RECORDS SHOWN:
----
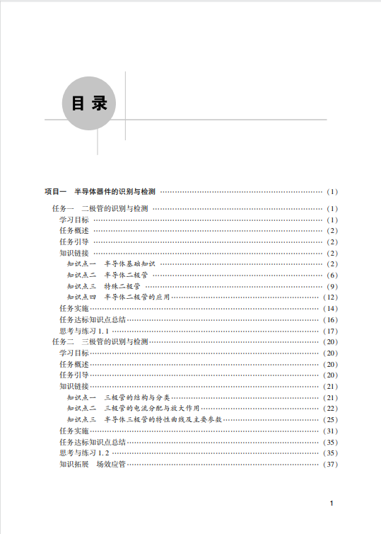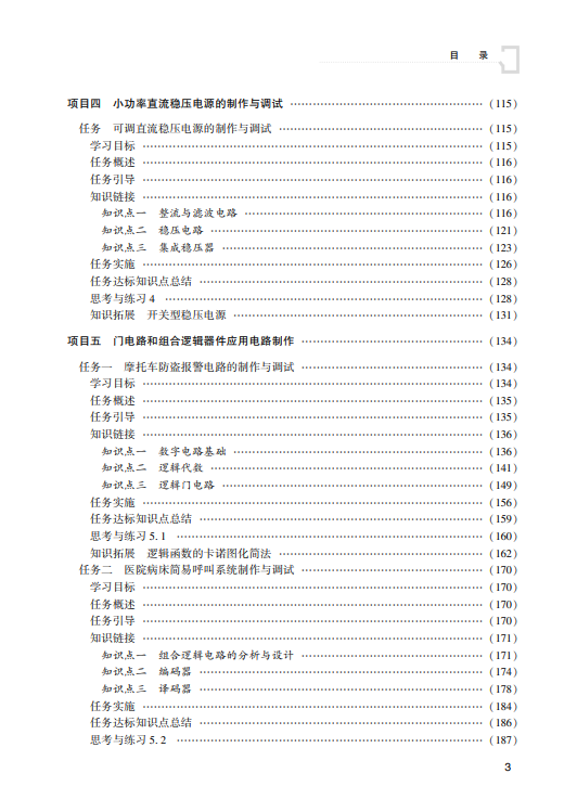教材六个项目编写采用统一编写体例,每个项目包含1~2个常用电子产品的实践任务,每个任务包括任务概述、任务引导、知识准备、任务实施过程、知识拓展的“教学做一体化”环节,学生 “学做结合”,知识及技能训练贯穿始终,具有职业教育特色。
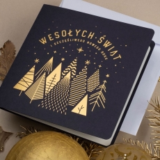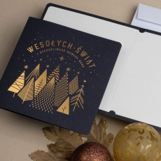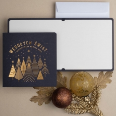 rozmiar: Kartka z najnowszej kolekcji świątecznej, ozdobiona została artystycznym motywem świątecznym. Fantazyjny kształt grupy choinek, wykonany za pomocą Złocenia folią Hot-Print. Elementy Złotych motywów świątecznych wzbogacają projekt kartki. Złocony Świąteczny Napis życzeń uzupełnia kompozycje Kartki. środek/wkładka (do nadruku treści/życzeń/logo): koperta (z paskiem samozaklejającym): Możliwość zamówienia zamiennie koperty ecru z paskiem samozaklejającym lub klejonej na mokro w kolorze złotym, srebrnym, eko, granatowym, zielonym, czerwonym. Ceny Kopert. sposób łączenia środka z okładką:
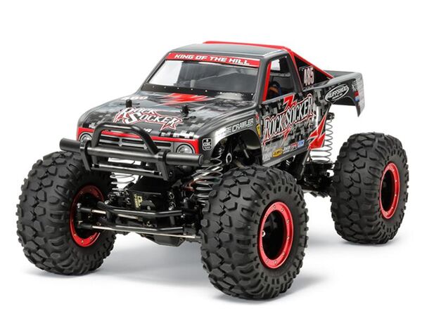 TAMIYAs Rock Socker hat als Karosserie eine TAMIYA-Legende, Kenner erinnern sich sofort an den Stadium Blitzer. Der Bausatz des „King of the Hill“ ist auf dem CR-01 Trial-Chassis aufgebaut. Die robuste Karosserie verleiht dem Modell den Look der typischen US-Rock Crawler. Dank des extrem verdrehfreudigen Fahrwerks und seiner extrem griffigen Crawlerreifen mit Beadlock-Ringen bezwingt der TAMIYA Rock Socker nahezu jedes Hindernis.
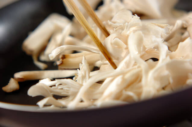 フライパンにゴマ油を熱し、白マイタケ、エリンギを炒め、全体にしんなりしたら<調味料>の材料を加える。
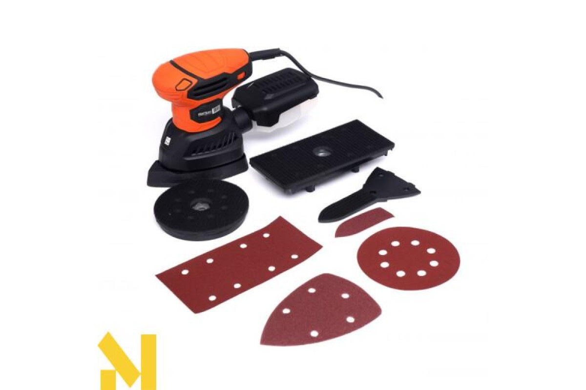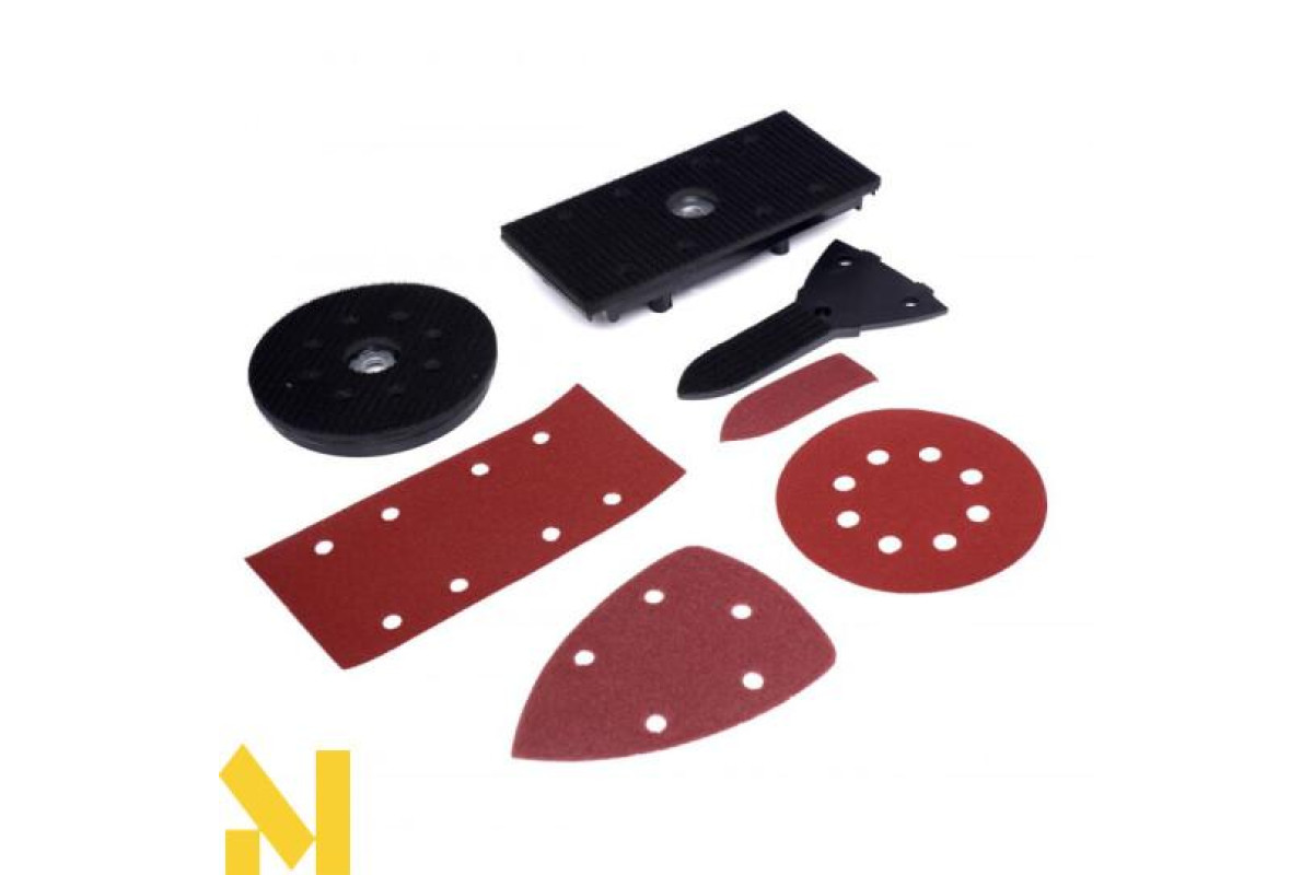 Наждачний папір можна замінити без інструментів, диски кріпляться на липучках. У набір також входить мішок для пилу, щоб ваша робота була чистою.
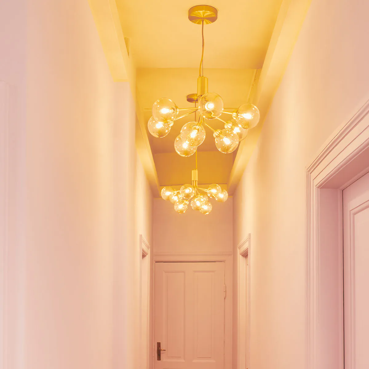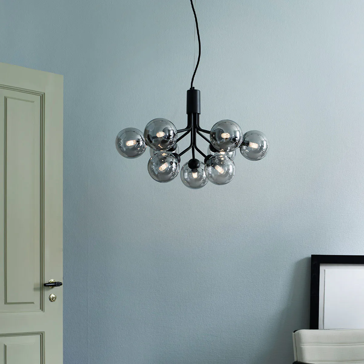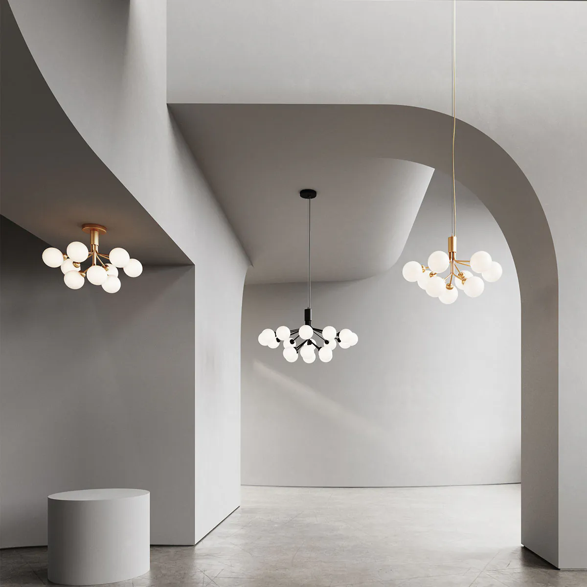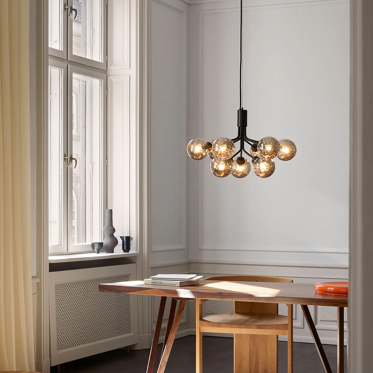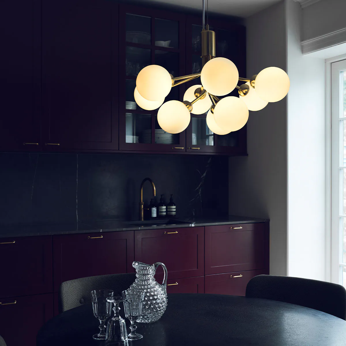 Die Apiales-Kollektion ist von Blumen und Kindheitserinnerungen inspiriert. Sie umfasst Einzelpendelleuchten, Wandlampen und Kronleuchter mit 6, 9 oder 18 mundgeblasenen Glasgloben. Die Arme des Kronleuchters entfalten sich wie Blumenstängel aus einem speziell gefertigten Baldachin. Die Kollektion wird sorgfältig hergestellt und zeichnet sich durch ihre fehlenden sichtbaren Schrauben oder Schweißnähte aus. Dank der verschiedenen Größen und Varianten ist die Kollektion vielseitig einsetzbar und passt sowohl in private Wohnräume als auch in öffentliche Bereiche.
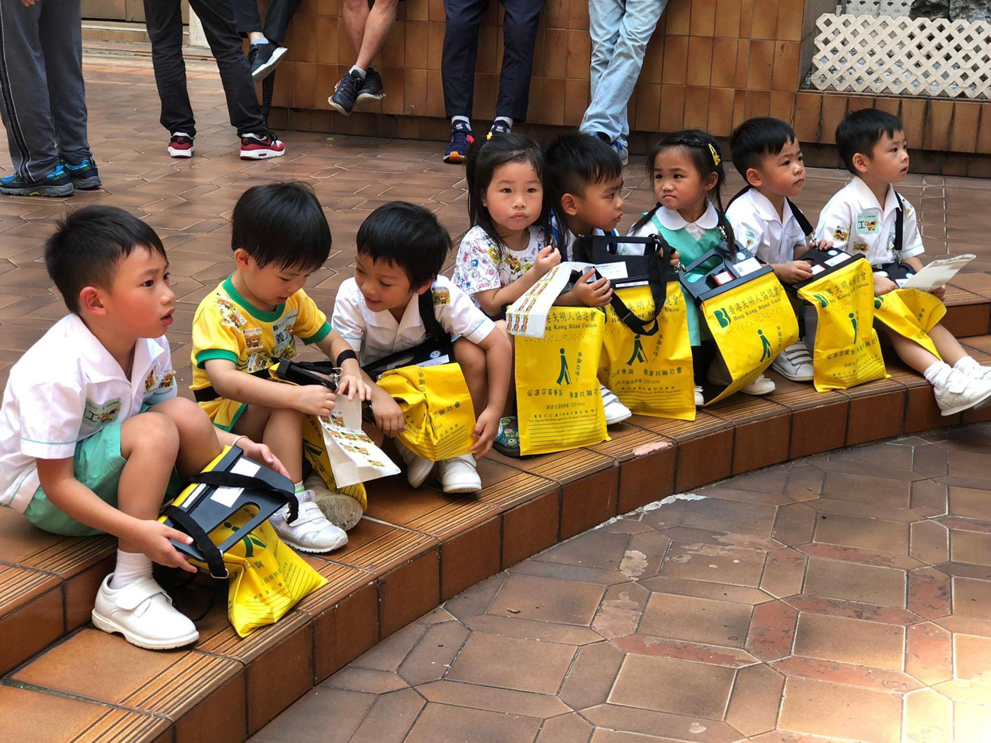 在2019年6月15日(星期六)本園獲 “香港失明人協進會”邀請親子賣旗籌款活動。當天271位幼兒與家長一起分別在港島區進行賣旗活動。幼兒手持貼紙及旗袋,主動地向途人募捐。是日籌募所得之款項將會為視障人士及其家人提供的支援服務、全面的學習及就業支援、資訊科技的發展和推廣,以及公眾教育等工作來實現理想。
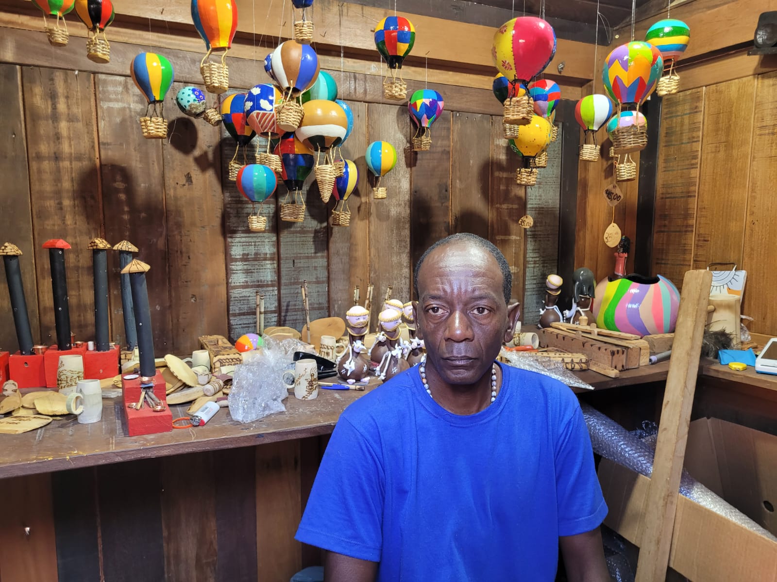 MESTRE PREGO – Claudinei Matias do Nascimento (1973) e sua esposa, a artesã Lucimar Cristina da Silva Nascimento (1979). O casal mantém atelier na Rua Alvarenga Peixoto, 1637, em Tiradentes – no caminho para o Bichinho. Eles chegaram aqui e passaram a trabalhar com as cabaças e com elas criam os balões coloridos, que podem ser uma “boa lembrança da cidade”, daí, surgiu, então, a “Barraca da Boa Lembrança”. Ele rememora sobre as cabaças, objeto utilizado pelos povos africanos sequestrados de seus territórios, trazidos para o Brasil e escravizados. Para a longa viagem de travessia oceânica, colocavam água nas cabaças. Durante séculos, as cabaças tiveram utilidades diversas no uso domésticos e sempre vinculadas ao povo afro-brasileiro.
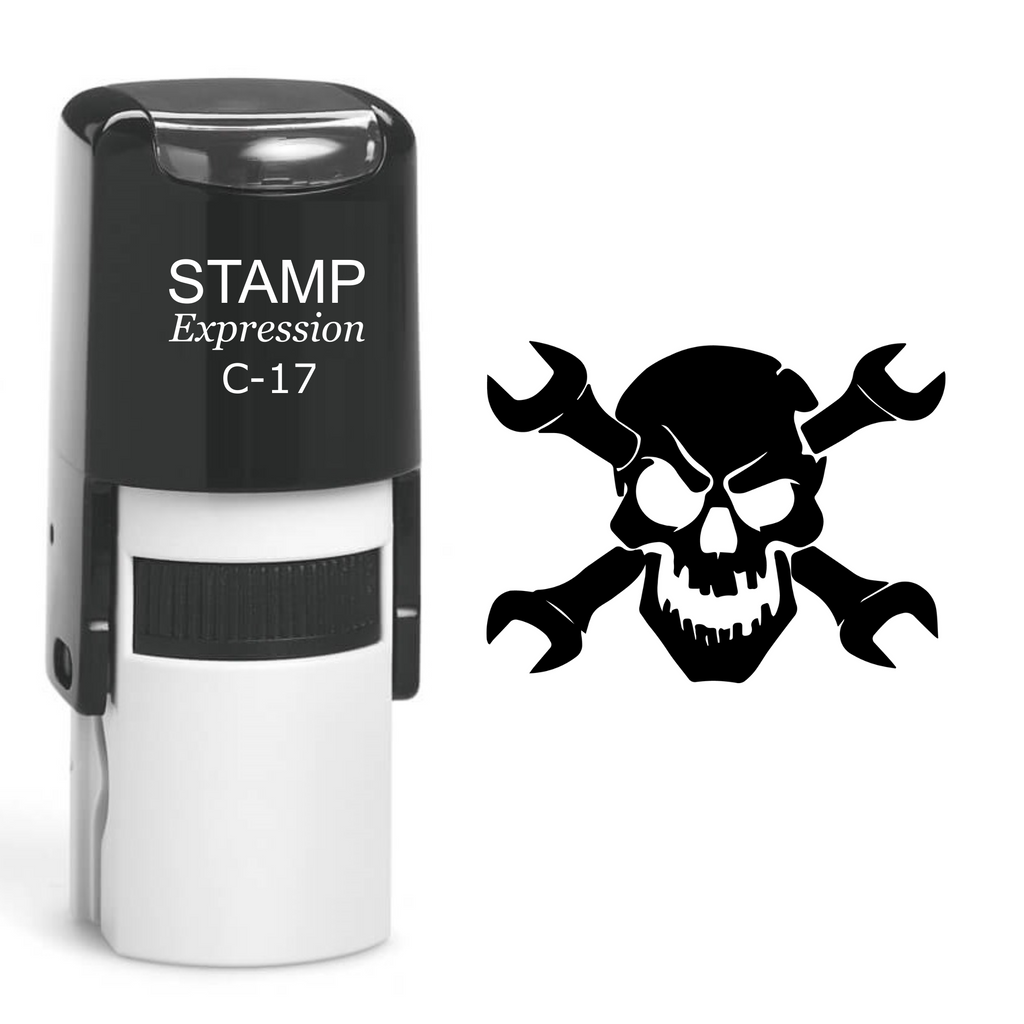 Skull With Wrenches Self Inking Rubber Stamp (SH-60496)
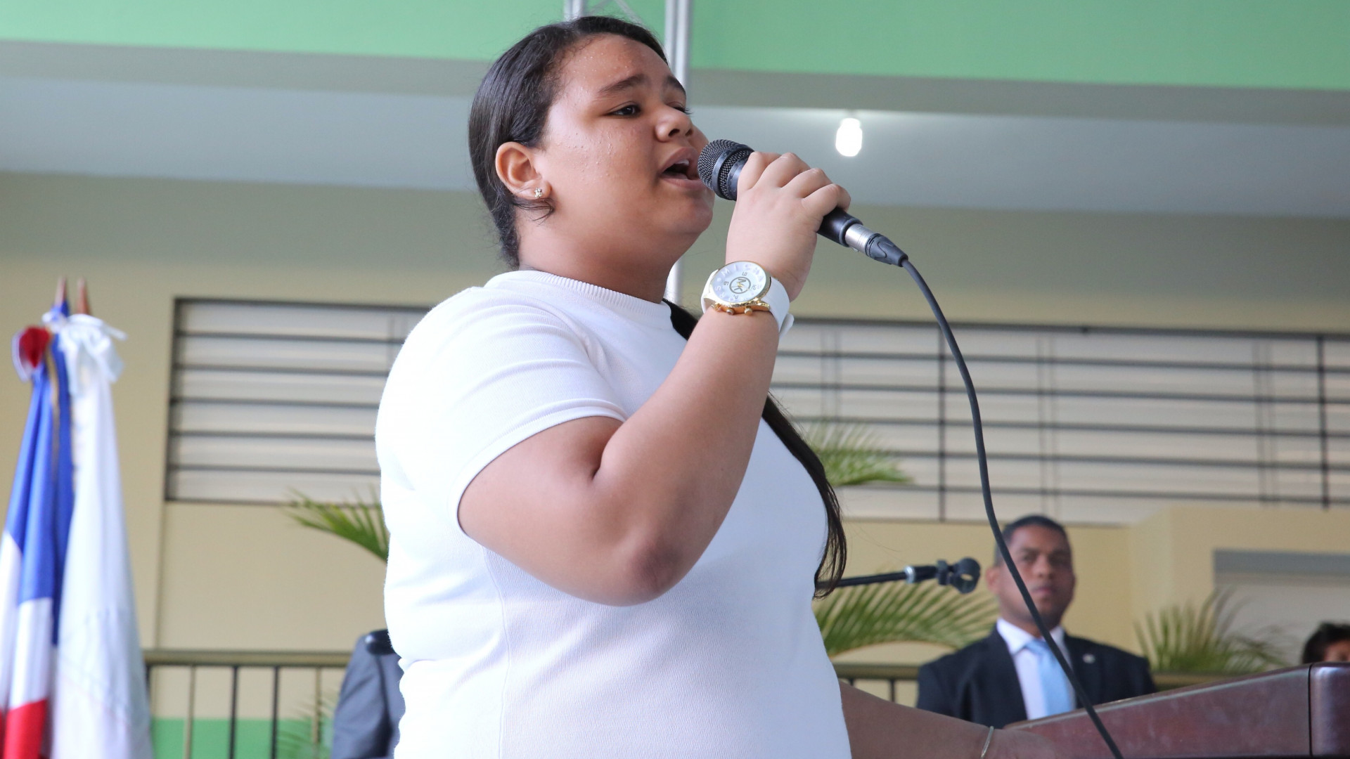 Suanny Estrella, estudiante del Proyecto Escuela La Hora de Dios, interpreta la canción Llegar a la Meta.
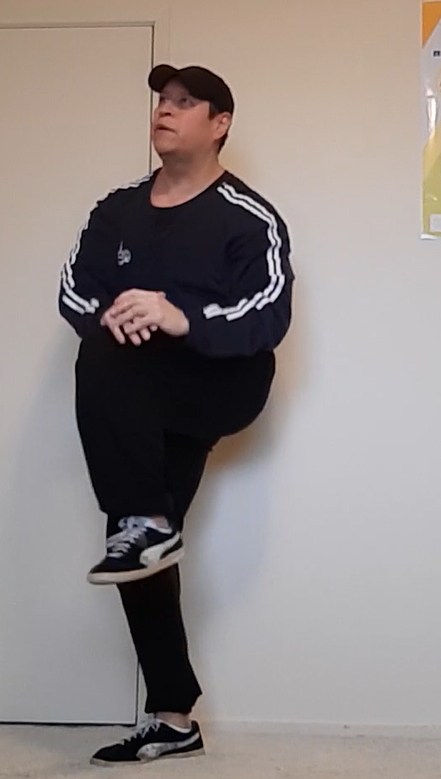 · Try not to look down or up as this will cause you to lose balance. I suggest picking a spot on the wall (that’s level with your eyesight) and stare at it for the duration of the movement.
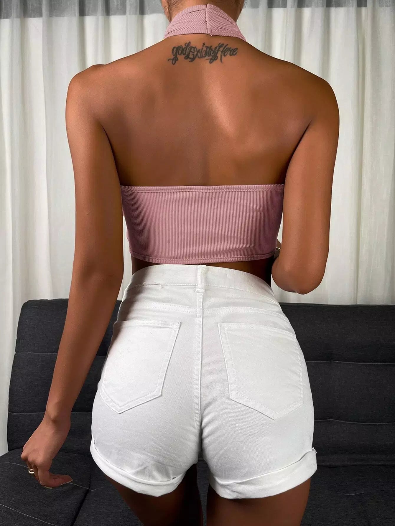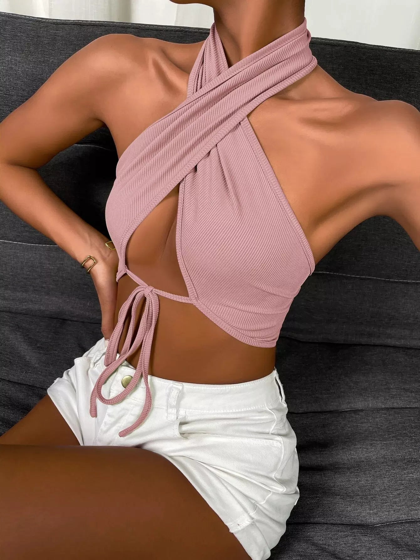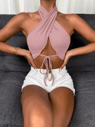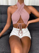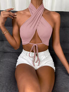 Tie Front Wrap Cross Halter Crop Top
----
Starting at the line containing "フライパンにゴマ油を熱し、白" and finishing at the line containing "Die Apiales-Kollektion ist", return those lines exactly as they appear above, without the pictures.

ANSWER BELOW:
 フライパンにゴマ油を熱し、白マイタケ、エリンギを炒め、全体にしんなりしたら<調味料>の材料を加える。
 Наждачний папір можна замінити без інструментів, диски кріпляться на липучках. У набір також входить мішок для пилу, щоб ваша робота була чистою.
 Die Apiales-Kollektion ist von Blumen und Kindheitserinnerungen inspiriert. Sie umfasst Einzelpendelleuchten, Wandlampen und Kronleuchter mit 6, 9 oder 18 mundgeblasenen Glasgloben. Die Arme des Kronleuchters entfalten sich wie Blumenstängel aus einem speziell gefertigten Baldachin. Die Kollektion wird sorgfältig hergestellt und zeichnet sich durch ihre fehlenden sichtbaren Schrauben oder Schweißnähte aus. Dank der verschiedenen Größen und Varianten ist die Kollektion vielseitig einsetzbar und passt sowohl in private Wohnräume als auch in öffentliche Bereiche.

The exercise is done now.